**** Dataset content ****

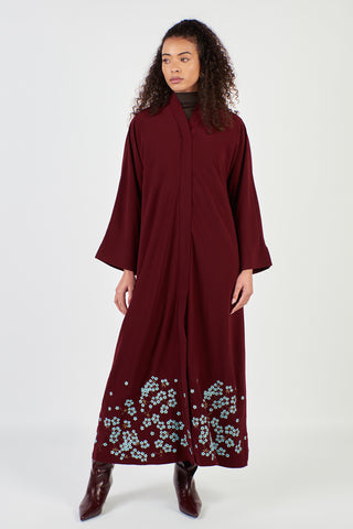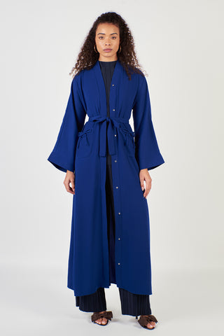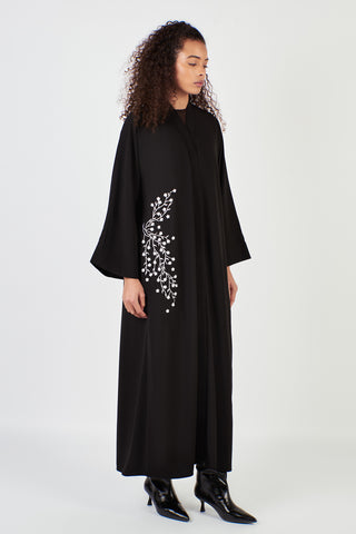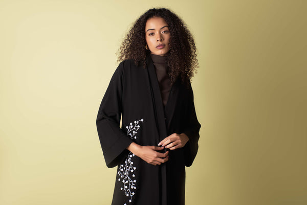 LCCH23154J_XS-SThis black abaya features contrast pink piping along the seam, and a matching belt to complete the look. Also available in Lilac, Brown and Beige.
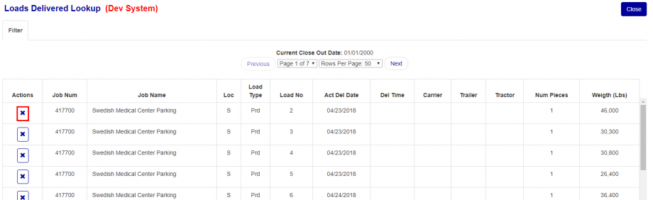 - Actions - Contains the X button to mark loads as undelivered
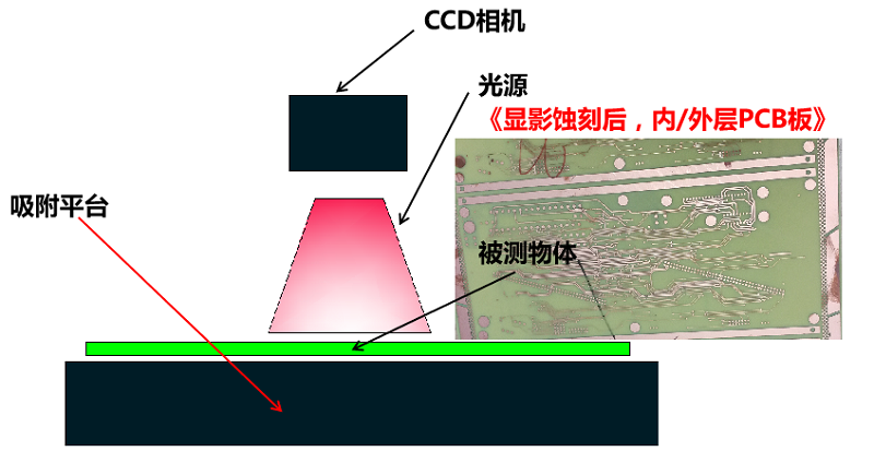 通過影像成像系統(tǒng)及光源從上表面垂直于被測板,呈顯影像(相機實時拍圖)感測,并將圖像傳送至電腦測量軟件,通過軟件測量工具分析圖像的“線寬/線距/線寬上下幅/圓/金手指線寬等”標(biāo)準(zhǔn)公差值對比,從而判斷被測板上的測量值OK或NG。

****

■ What the task requires ■
Reproduce the whole listing word for word, setting aside any pictures.

■ Answer section ■
 LCCH23154J_XS-SThis black abaya features contrast pink piping along the seam, and a matching belt to complete the look. Also available in Lilac, Brown and Beige.
 - Actions - Contains the X button to mark loads as undelivered
 通過影像成像系統(tǒng)及光源從上表面垂直于被測板,呈顯影像(相機實時拍圖)感測,并將圖像傳送至電腦測量軟件,通過軟件測量工具分析圖像的“線寬/線距/線寬上下幅/圓/金手指線寬等”標(biāo)準(zhǔn)公差值對比,從而判斷被測板上的測量值OK或NG。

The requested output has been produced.